Steve Conklin Feb. 28, 2013, 9:42 p.m. UTC | #2

On 02/28/2013 03:04 PM, John Johansen wrote:
> From: Alan Stern <stern@rowland.harvard.edu>
> 
> CVE-2013-1773
> 
> BugLink: https://launchpad.net/bugs/1134523
> 
> The utf8s_to_utf16s conversion routine needs to be improved.  Unlike
> its utf16s_to_utf8s sibling, it doesn't accept arguments specifying
> the maximum length of the output buffer or the endianness of its
> 16-bit output.
> 
> This patch (as1501) adds the two missing arguments, and adjusts the
> only two places in the kernel where the function is called.  A
> follow-on patch will add a third caller that does utilize the new
> capabilities.
> 
> The two conversion routines are still annoyingly inconsistent in the
> way they handle invalid byte combinations.  But that's a subject for a
> different patch.
> 
> Signed-off-by: Alan Stern <stern@rowland.harvard.edu>
> CC: Clemens Ladisch <clemens@ladisch.de>
> Signed-off-by: Greg Kroah-Hartman <gregkh@suse.de>
> 
> (backported from commit 0720a06a7518c9d0c0125bd5d1f3b6264c55c3dd)
> Conflicts:
>     drivers/hv/hv_kvp.c
> Signed-off-by: John Johansen <john.johansen@canonical.com>
> ---
>  drivers/staging/hv/hv_kvp.c |   10 ++++++----
>  fs/fat/namei_vfat.c         |    3 ++-
>  fs/nls/nls_base.c           |   43 +++++++++++++++++++++++++++++++++----------
>  include/linux/nls.h         |    5 +++--
>  4 files changed, 44 insertions(+), 17 deletions(-)
> 
> diff --git a/drivers/staging/hv/hv_kvp.c b/drivers/staging/hv/hv_kvp.c
> index 13b0ecf..9f8efd4 100644
> --- a/drivers/staging/hv/hv_kvp.c
> +++ b/drivers/staging/hv/hv_kvp.c
> @@ -201,11 +201,13 @@ kvp_respond_to_host(char *key, char *value, int error)

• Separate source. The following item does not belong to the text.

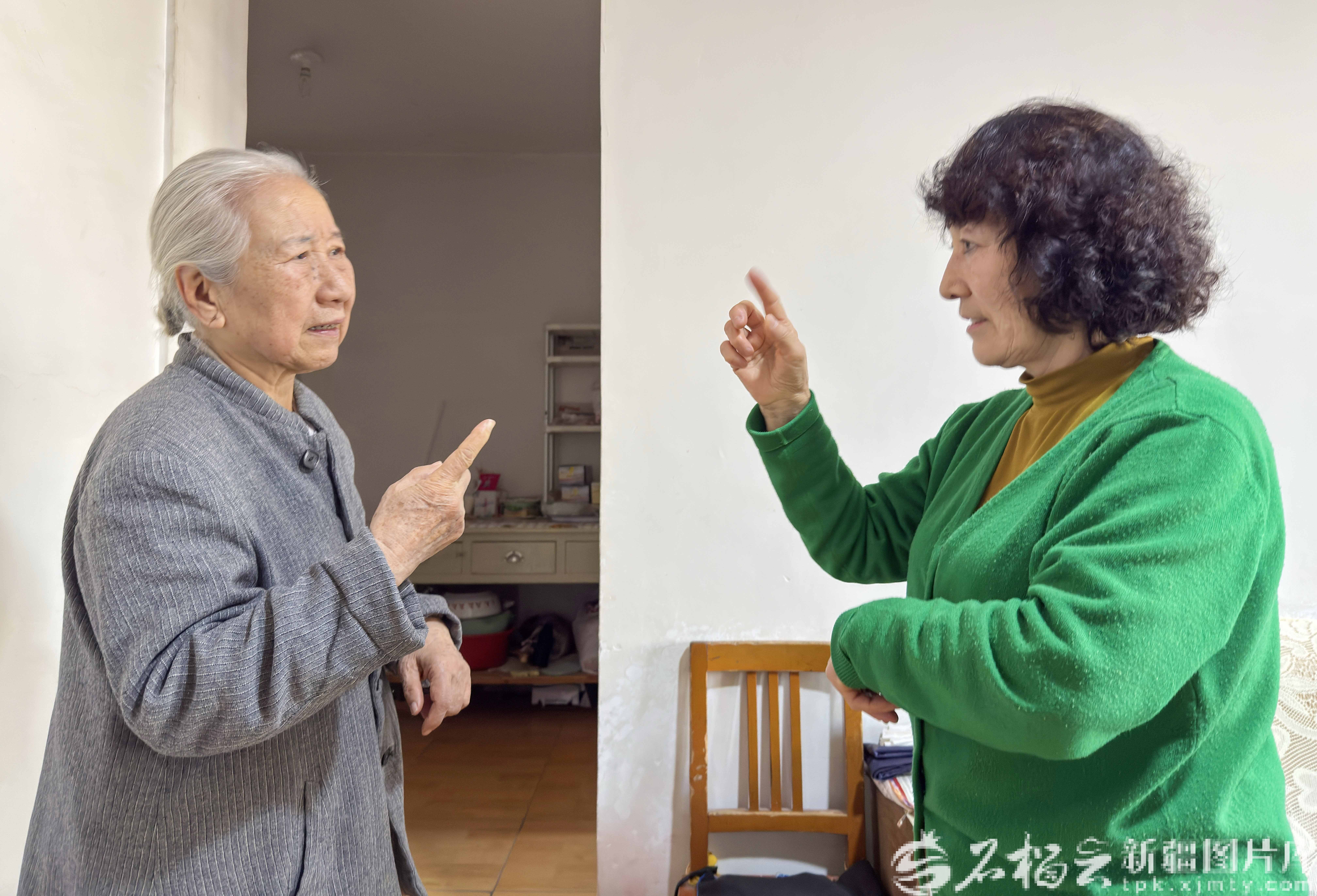 2月15日 ,在乌鲁木齐市天山区二道桥街道二道桥社区巴里坤小区马志林(左)家中,热伊汗·拍合热丁(右)和老人用手语进行交流。

>  	 * The windows host expects the key/value pair to be encoded
>  	 * in utf16.
>  	 */
> -	keylen = utf8s_to_utf16s(key_name, strlen(key_name),
> -				(wchar_t *)kvp_data->data.key);
> +	keylen = utf8s_to_utf16s(key_name, strlen(key_name), UTF16_HOST_ENDIAN,
> +				(wchar_t *) kvp_data->data.key,
> +				HV_KVP_EXCHANGE_MAX_KEY_SIZE / 2);
>  	kvp_data->data.key_size = 2*(keylen + 1); /* utf16 encoding */
> -	valuelen = utf8s_to_utf16s(value, strlen(value),
> -				(wchar_t *)kvp_data->data.value);
> +	valuelen = utf8s_to_utf16s(value, strlen(value), UTF16_HOST_ENDIAN,
> +				(wchar_t *) kvp_data->data.value,
> +				HV_KVP_EXCHANGE_MAX_VALUE_SIZE / 2);
>  	kvp_data->data.value_size = 2*(valuelen + 1); /* utf16 encoding */
>  
>  	kvp_data->data.value_type = REG_SZ; /* all our values are strings */
> diff --git a/fs/fat/namei_vfat.c b/fs/fat/namei_vfat.c
> index 20b4ea5..6ee3c36 100644
> --- a/fs/fat/namei_vfat.c
> +++ b/fs/fat/namei_vfat.c
> @@ -514,7 +514,8 @@ xlate_to_uni(const unsigned char *name, int len, unsigned char *outname,
>  	int charlen;
>  
>  	if (utf8) {
> -		*outlen = utf8s_to_utf16s(name, len, (wchar_t *)outname);
> +		*outlen = utf8s_to_utf16s(name, len, UTF16_HOST_ENDIAN,
> +				(wchar_t *) outname, FAT_LFN_LEN + 2);
>  		if (*outlen < 0)
>  			return *outlen;
>  		else if (*outlen > FAT_LFN_LEN)
> diff --git a/fs/nls/nls_base.c b/fs/nls/nls_base.c
> index 44a88a9..0eb059e 100644
> --- a/fs/nls/nls_base.c
> +++ b/fs/nls/nls_base.c
> @@ -114,34 +114,57 @@ int utf32_to_utf8(unicode_t u, u8 *s, int maxlen)
>  }
>  EXPORT_SYMBOL(utf32_to_utf8);
>  
> -int utf8s_to_utf16s(const u8 *s, int len, wchar_t *pwcs)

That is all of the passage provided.